RECORDS SHOWN:
----
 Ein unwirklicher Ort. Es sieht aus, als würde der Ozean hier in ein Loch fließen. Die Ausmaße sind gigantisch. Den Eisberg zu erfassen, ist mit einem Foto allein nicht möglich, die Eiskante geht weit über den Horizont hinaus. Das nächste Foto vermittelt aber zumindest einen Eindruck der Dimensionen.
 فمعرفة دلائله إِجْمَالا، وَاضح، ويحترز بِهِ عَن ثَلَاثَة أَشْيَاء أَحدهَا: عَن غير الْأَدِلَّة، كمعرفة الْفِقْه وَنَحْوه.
----
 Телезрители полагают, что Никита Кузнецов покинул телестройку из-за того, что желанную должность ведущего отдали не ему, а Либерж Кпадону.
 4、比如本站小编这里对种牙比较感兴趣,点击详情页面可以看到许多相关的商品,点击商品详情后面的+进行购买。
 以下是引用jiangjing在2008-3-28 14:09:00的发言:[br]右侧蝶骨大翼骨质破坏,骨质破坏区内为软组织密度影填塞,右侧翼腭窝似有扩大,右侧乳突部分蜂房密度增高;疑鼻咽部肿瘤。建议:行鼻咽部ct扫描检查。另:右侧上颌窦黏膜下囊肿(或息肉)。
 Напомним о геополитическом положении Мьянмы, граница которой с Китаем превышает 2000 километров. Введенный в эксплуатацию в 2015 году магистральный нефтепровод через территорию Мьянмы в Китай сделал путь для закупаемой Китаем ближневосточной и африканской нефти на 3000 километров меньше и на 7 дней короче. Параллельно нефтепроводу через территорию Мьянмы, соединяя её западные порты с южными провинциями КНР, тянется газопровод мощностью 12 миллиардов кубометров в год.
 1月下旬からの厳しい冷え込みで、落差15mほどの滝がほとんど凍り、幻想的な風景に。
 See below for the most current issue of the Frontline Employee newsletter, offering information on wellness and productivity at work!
----
GOAL OF THE EXERCISE:
An exact copy of the lines above between the line holding "4、比如本站小编这里对种牙比" and the line holding "See below for", inclusive, is the whole answer.

ANSWER TO THIS TASK:
 4、比如本站小编这里对种牙比较感兴趣,点击详情页面可以看到许多相关的商品,点击商品详情后面的+进行购买。
 以下是引用jiangjing在2008-3-28 14:09:00的发言:[br]右侧蝶骨大翼骨质破坏,骨质破坏区内为软组织密度影填塞,右侧翼腭窝似有扩大,右侧乳突部分蜂房密度增高;疑鼻咽部肿瘤。建议:行鼻咽部ct扫描检查。另:右侧上颌窦黏膜下囊肿(或息肉)。
 Напомним о геополитическом положении Мьянмы, граница которой с Китаем превышает 2000 километров. Введенный в эксплуатацию в 2015 году магистральный нефтепровод через территорию Мьянмы в Китай сделал путь для закупаемой Китаем ближневосточной и африканской нефти на 3000 километров меньше и на 7 дней короче. Параллельно нефтепроводу через территорию Мьянмы, соединяя её западные порты с южными провинциями КНР, тянется газопровод мощностью 12 миллиардов кубометров в год.
 1月下旬からの厳しい冷え込みで、落差15mほどの滝がほとんど凍り、幻想的な風景に。
 See below for the most current issue of the Frontline Employee newsletter, offering information on wellness and productivity at work!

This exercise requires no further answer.